Idempotency: Ensure your message processing logic is idempotent, meaning it can be safely executed multiple times without unintended consequences. This is important as Pub/Sub might redeliver messages even after successful acknowledgment in certain scenarios.
Response Time: Be mindful of your service's response time. If it takes too long to respond, exceeding the acknowledgment deadline configured in the subscription, Pub/Sub might consider the message unreceived and send it again.

View solution in original post

ms4446

Here is how to acknowledge a message in a Cloud Run endpoint triggered by a push-type Pub/Sub subscription and prevent retries:

Acknowledgment in Push Subscriptions:

For push subscriptions, where Pub/Sub sends messages to your Cloud Run service endpoint, acknowledgment occurs implicitly through an HTTP response. There's no need for the .ack() or .nack() methods used in pull subscriptions.

Acknowledgement with 200 OK:

To acknowledge a message successfully and prevent retries, your Cloud Run service needs to respond with an HTTP 200 OK status code. This tells Pub/Sub that the message was processed successfully and shouldn't be redelivered.

Example Code:

The following Python code demonstrates how to handle message processing and acknowledgment in a Cloud Run service:

from flask import Flask, request

app = Flask(__name__)

@app.route('/', methods=['POST'])
def index():
    # Extract Pub/Sub message from request
    envelope = request.get_json()
    message = envelope['message']

    try:
        # Process message
        # ...

        # Acknowledge message with 200 OK
        return '', 200
    except Exception as e:
        # Log exception
        # ...

        # Message not acknowledged, will be retried
        return '', 500

if __name__ == '__main__':
    app.run(port=8080, debug=True)

Additional Considerations:

Error Handling: Implement robust error handling and logging to capture any issues during message processing.
Idempotency: Ensure your message processing logic is idempotent, meaning it can be safely executed multiple times without unintended consequences.
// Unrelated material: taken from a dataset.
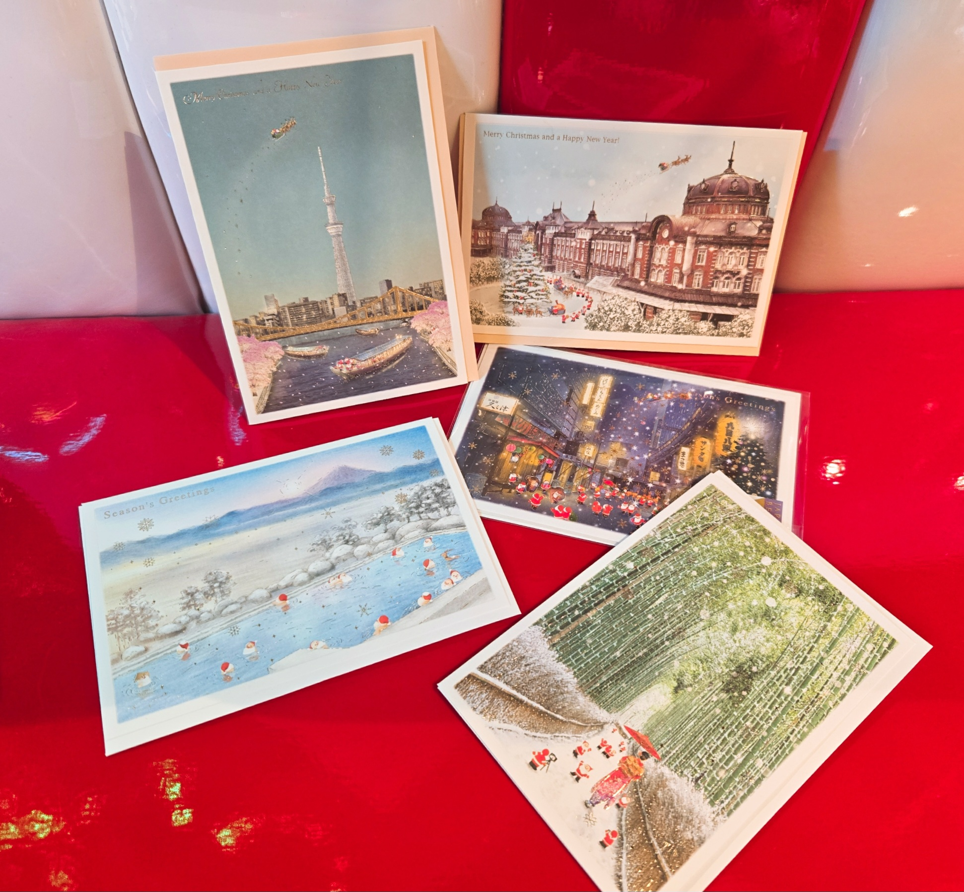 「ミニサンタカード」は、富士山やお寿司、神社、仏閣など、日本ならではのモチーフと小さなサンタさんが描かれているユニークなデザインのカードです。日本のどこかを旅するミニサンタの姿はとてもかわいらしく、送る側も送られた側も笑顔で溢れ、温かい気持ちを届けることができます。種類豊富なデザインから、お気に入りの1枚を見つけてください。

This is important as Pub/Sub might redeliver messages even after successful acknowledgment in certain scenarios.
Response Time: Be mindful of your service's response time. If it takes too long to respond, exceeding the acknowledgment deadline configured in the subscription, Pub/Sub might consider the message unreceived and send it again.

a_train

I use this code but my messages are still not ACKed.

I suspect that there's a time limit for the operation done by the server for the session validity. I updated my pubsub ACK deadline and it is still NOT WORKING.

ms4446

If your Google Cloud Pub/Sub messages aren't being acknowledged even though your Cloud Run endpoint returns a 200 OK status, there could be a few reasons:

Processing Delays: Your service might take too long to process messages, exceeding the Pub/Sub acknowledgment deadline. Ensure your service responds quickly, even if it just returns a 200 OK initially.
Concurrency Issues: If your Cloud Run service scales to multiple instances, the same message could be processed multiple times, causing acknowledgment problems. Try setting concurrency to 1 for testing.
Subscription Configuration: Check your Pub/Sub subscription settings, including retry policy and dead letter topic configuration. Also, ensure your Cloud Run service account has the necessary permissions to acknowledge messages.
External Dependencies: If your message processing relies on external services, make sure they aren't causing delays or failures that prevent timely acknowledgments.

Troubleshooting

Implement immediate acknowledgment: Start by acknowledging messages immediately in your code and gradually add back your processing logic to identify the cause of the issue.
Use comprehensive logging: Detailed logs can help you track message processing and identify potential bottlenecks.

a_train

Thank you for your quick response.

My situation:

I am using EVENTARC (if this changes anything).I updated my ACK deadline to 600s and my processing takes about 1min30s. I tested with an immediate 200Ok, it works. When trying in real env (with my 1min30 processing or a time.sleep), the behavior I get is that messages are received almost every ten seconds until the first ACK return. Then it stops, all the others messages are still processed (they are duplicates). It behaves exactly like the default BUT I configured the ACK deadline to be 600s, it looks like it does not even consider it.

I hope that you have a better point of view of my problem, can please give me hints on that, what other parameters need to be changed ?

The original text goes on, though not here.